It's the weekend, and there's not much market activity. Take a break and recharge. Today, let's talk about how to manage contract trading to both maintain a risk baseline and make trading more systematic!
1. Stop trading after hitting a stop loss; avoid impulsive orders.
Contracts inherently involve small bets for large returns, and losses are common. If you frequently hit stop losses, be sure to pause trading, calmly review your strategy, and avoid blindly placing orders out of frustration to prevent losses from worsening.
2. Abandon the 'get-rich-quick' mentality; reject short-sighted gains.
Trading is never a shortcut. Stay calm during losses. Avoid rushing to place orders to recover losses, and don’t go all-in with heavy positions; steadiness is the key to long-term success.
3. Go with the trend; don’t fight against it.
Identify the major trend and resolutely avoid trading against it in a one-sided market. Once a trend forms, resisting it will only lead to significant losses. It’s wiser to patiently wait for the right opportunity than stubbornly holding against the trend.
4. Calculate the risk-reward ratio, at least 2:1 before entering.
Always calculate the risk-reward ratio before placing an order to ensure potential profits can cover losses (at least 2:1); otherwise, it's difficult to achieve positive returns in the long run.
5. Restrain frequent trading; beginners shouldn’t be greedy for ‘every opportunity.’
Non-expert traders must strictly control the impulse to place orders, especially beginners who should avoid trying to catch every fluctuation—most so-called 'opportunities' are actually traps for losses.

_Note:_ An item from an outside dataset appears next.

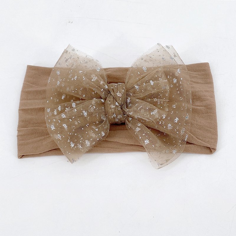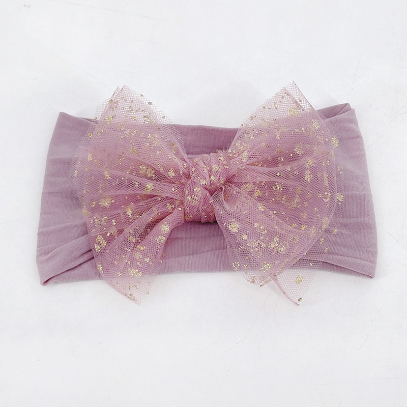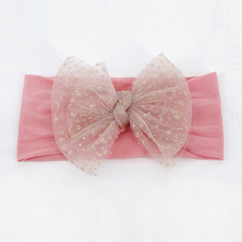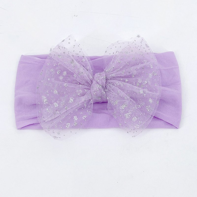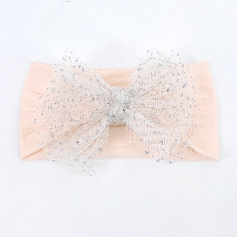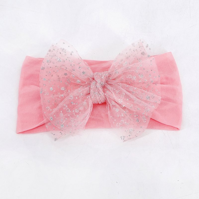 Children Kids Baby Fashion Girls Solid Color Mesh Bowknot Nylon Headband
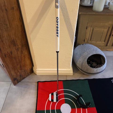 Odyssey Ai-One Jailbird Mini putter i svart och vitt. Mallet-huvud med svart skaft och nytt grepp. (Samma grepp som Scottie Scheffler använder)

6. Only earn money within your understanding; avoid fluctuations beyond your capability.
Never force trades based on market movements that exceed your analytical ability. Maintain your cognitive boundaries to avoid losses from blindly following trends.
7. Absolutely do not hold onto losing positions; stop loss is the last line of defense.
Stop loss is the bottom line in trading, and beginners must strictly enforce it. Holding onto losing trades is the beginning of a downward spiral into losses; always remain vigilant.
8. Stay grounded during profits; pride often precedes losses.
After making profits, it’s even more crucial to remain rational; becoming overly confident can lead to operational mistakes. Protecting profits is more critical than simply making them.
The above points consistently focus on 'risk control' and 'mentality management.' Uphold these bottom lines to trade more steadily and further in contract trading!